### Provided entries
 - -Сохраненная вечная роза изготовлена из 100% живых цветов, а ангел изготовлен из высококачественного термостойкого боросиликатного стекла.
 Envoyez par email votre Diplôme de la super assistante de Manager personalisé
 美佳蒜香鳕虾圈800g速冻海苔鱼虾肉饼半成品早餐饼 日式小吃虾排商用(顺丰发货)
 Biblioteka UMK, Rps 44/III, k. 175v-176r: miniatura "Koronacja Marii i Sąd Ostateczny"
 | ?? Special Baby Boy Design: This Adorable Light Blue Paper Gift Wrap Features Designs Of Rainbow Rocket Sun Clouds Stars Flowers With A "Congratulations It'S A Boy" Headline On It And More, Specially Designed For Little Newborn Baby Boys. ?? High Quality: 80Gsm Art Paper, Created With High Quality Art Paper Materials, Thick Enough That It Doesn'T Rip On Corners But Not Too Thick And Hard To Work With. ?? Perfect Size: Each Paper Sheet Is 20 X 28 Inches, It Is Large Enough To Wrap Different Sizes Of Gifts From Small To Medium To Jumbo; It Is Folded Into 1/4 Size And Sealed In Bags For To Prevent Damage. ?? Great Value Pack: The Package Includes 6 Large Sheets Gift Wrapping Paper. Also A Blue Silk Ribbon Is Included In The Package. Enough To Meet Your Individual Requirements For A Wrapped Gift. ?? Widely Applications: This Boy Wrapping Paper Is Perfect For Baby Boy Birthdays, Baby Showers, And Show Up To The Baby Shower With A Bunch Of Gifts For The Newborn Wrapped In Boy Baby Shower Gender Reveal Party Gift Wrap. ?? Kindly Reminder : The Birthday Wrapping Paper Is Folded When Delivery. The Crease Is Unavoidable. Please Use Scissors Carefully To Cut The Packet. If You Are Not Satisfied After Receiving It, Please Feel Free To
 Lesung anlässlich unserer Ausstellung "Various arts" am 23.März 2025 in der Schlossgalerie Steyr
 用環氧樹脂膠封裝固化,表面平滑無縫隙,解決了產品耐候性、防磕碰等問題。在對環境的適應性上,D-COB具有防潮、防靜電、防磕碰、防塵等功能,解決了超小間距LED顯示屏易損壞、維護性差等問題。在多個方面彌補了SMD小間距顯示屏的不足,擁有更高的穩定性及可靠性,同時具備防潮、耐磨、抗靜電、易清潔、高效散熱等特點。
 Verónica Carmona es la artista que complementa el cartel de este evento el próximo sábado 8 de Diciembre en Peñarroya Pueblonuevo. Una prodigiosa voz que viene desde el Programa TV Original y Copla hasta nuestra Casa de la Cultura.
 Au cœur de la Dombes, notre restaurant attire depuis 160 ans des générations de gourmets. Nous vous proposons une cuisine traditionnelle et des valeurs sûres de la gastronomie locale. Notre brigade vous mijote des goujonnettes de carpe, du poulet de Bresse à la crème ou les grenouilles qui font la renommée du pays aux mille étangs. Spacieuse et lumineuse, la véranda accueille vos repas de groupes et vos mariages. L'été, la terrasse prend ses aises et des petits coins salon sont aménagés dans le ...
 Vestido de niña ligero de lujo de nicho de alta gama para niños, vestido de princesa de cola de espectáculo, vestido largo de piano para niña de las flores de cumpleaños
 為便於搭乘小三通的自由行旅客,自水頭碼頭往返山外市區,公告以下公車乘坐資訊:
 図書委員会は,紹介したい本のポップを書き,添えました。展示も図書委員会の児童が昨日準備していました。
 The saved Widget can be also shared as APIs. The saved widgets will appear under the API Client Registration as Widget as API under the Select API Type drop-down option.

### Your objective
Retype exactly the lines above, from the one with "美佳蒜香鳕虾圈800g速冻海" through the one with "Biblioteka UMK, Rps", inclusive.

### Response box
 美佳蒜香鳕虾圈800g速冻海苔鱼虾肉饼半成品早餐饼 日式小吃虾排商用(顺丰发货)
 Biblioteka UMK, Rps 44/III, k. 175v-176r: miniatura "Koronacja Marii i Sąd Ostateczny"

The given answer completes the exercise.